A Literal Art Attack in a Colorado Gallery
The attack's aftermath
Last week, 56-year-old truck driver Kathleen Folden, proudly wearing her "My Savior Is as Tough as Nails" T-shirt and wielding a crowbar, walked into an art gallery in Loveland, Colorado and proceeded to destroy a plexiglas display case and the work of art it contained.
Enrique Chagoya, a San Francisco artist and professor at Stanford University, created the print in question, The Misadventures of Romantic Cannibals. The piece depicts the head of Jesus Christ atop a mostly-clothed female body with another man's tongue near female Jesus' crotch. Folden destroyed the work because, she said, it "desecrates [her] lord."
Before the piece's destruction, the gallery had been home to a heated debate over the print. It received hate mail and a swarm of comments from all parties involved in the issue. Both sides agree Folden's actions were inappropriate.

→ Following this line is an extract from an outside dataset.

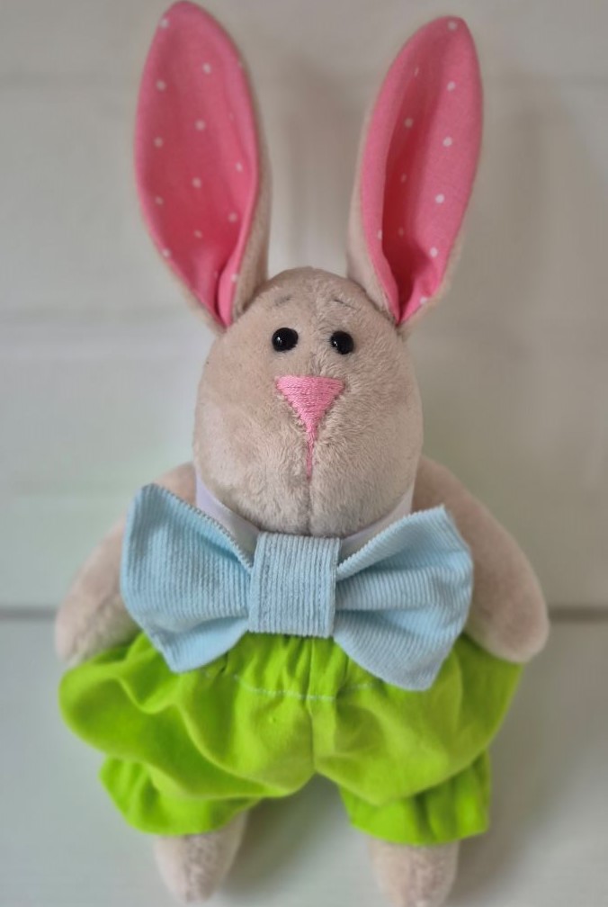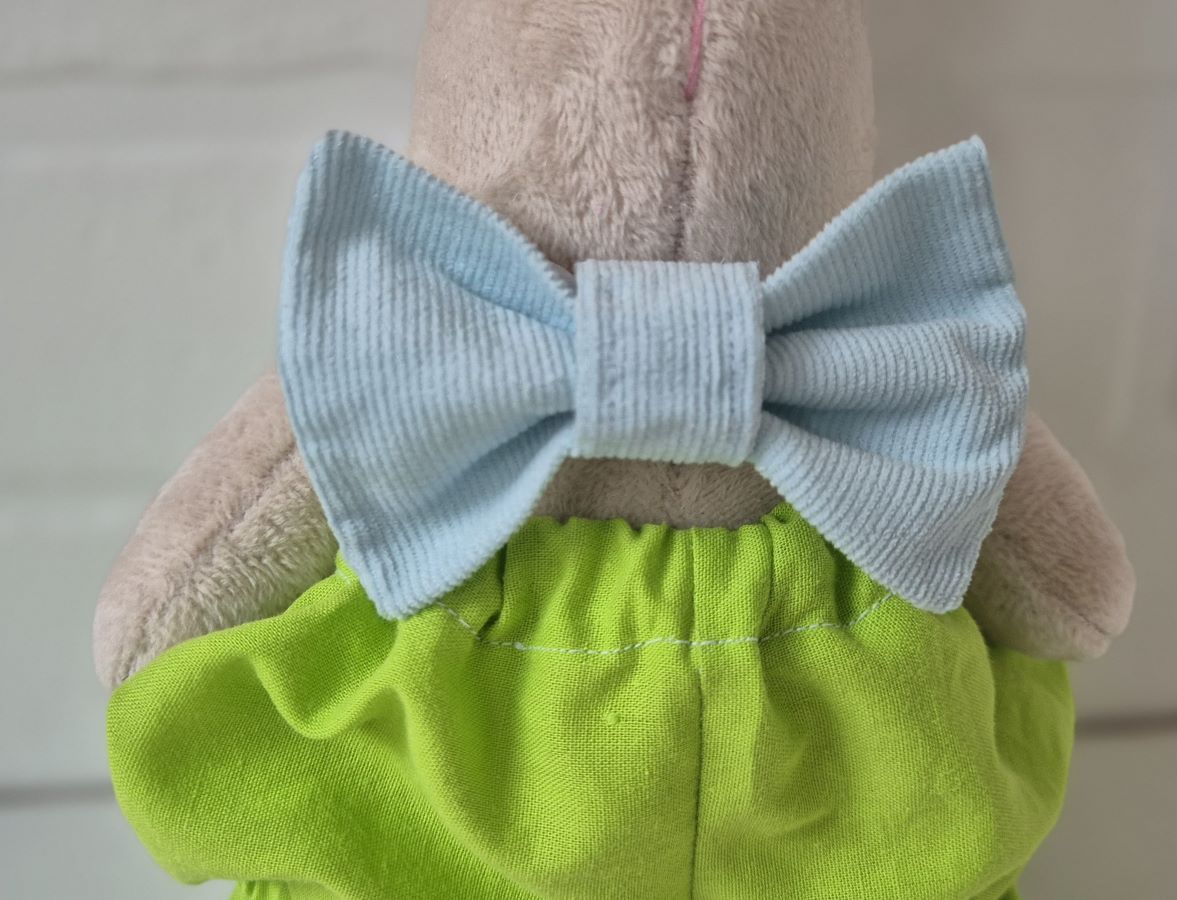 Яркие зеленые штанишки делают его заметным и поднимают настроение с первого взгляда. А аккуратный голубой галстук-бантик на шее добавляет образу трогательной элегантности. Это зайка, который умеет создавать праздник каждый день. Игрушка выполнена из мягчайшего плюша, приятного на ощупь и для детей, и для взрослых. Его хочется тискать, брать с собой и не выпускать из рук. Рост 25 см — это «золотой стандарт» для мягкой игрушки. Кролика удобно обнимать, он помещается в детский рюкзачок или сумочку, но при этом достаточно крупный, чтобы стать заметным другом, а не потеряться. Мордочка кролика выполнена с особой теплотой. В ней нет ни капли грусти — только спокойное, трогательно-доверчивое выражение, которое располагает к себе и взрослых, и детей.

Folden was charged with criminal mischief, and someone anonymously posted her bail. She apparently had driven from Montana to Colorado for the sole purpose of destroying the print, which was valued at around $3,000. The gallery was selling copies of the print, but has stopped for the time being. Enrique Chagoya receives death threats, Folden will probably be fined around $2,000, and now gallery patrons look at a broken cage and a note describing the incident.
What have we learned? For starters, people are batshit crazy, and Maurizio Cattelan should steer clear of Montana truck drivers.